Я уже не помню, по какому поводу был митинг, и что они все, и я в частности, там делала, но я хорошо помню то чувство единения, впервые возникшее во мне, словно эти чужие люди, вдруг, в один миг, взяли и послали к Чёрту всё моё одиночество. Я чувствовала себя частью чего-то целого, чего-то большего, чем я, чем даже весь мир. Мне казалось, что даже этот привокзальный памятник можно снести, можно хотя бы покачнуть.
И в отличие от Чингиз - хана, безмолвно вопрошающего: "Где Я в этом потоке?", я знала, где Я. Знала. В те минуты я поняла, чего я хочу на самом деле - я видела себя впереди них, словно с борта самолёта, и если бы мне тогда сказали, что это всё не настоящее, что всё иллюзия, я бы рассмеялась в лицо этому нахалу. Иллюзией был весь этот мир с его непонятными для меня законами - здесь же для меня всё было просто и красиво. Тысяча молодых людей с поднятыми вверх руками, руководимые Богом или Дьяволом - да не важно кем. Это было для меня сигналом к свободе, символом свободы, символом силы. Другого я тогда не хотела.

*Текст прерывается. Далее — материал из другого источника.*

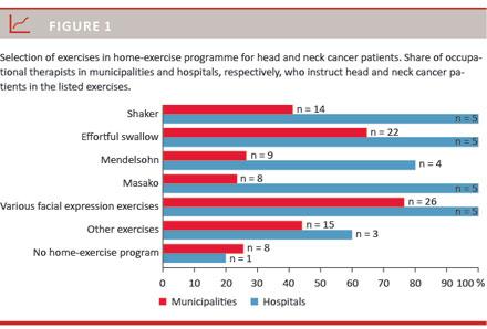 The questionnaires were designed to specifically target the above-mentioned groups. Hence the survey was based on three different questionnaires – one for municipality OTs, one for hospital OTs, one for doctors – which included ten, ten and six questions, respectively, covering areas such as frequency of HNC patients with dysphagia; indication for rehabilitation and referrals hereto; type, duration and intensity of therapy; and professional skills, qualifications and knowledge.
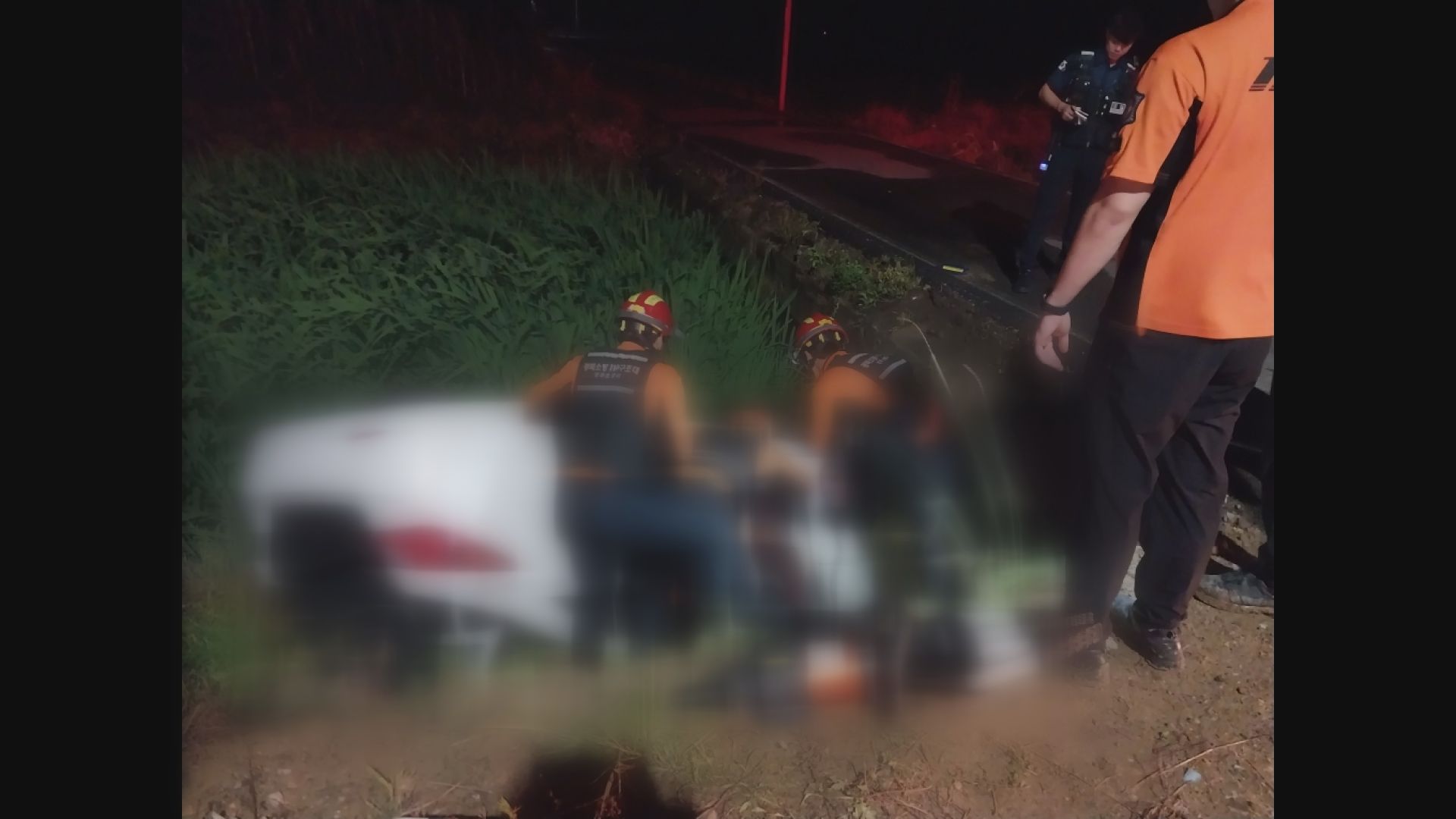 경주서 빗길에 승용차 전복..20대 운전자 심정지

Не это ли чувство единения заставляет людей вставать в их ряды и мешает отступить, даже если впереди мясорубка, как в фильме Алана Паркера? Я шла рядом, покусывая губы, то и дело оборачиваясь, пытаясь разглядеть хвост нашей колоны, и не могла. Их было много, их было так много, что я не видела даже просвета между их спинами.
Назад мы возвращались уже затемно, часов в девять, в полупустом вагоне поезда, молча куря в тамбуре.
- Чем занимается твоя Организация? Чего они хотят? – вдруг спросила я у Макса.
- Я же тебе говорил…
- Нет, - перебила я его, - я имею в виду действия. Что вы делаете?
- Ну как что… Митинги вот устраиваем, расклеиваем листовки, выпускаем газеты…
- И всё?
- Нет, это только вершина. Я не могу тебе говорить всё, ты же понимаешь. Зачем тебе?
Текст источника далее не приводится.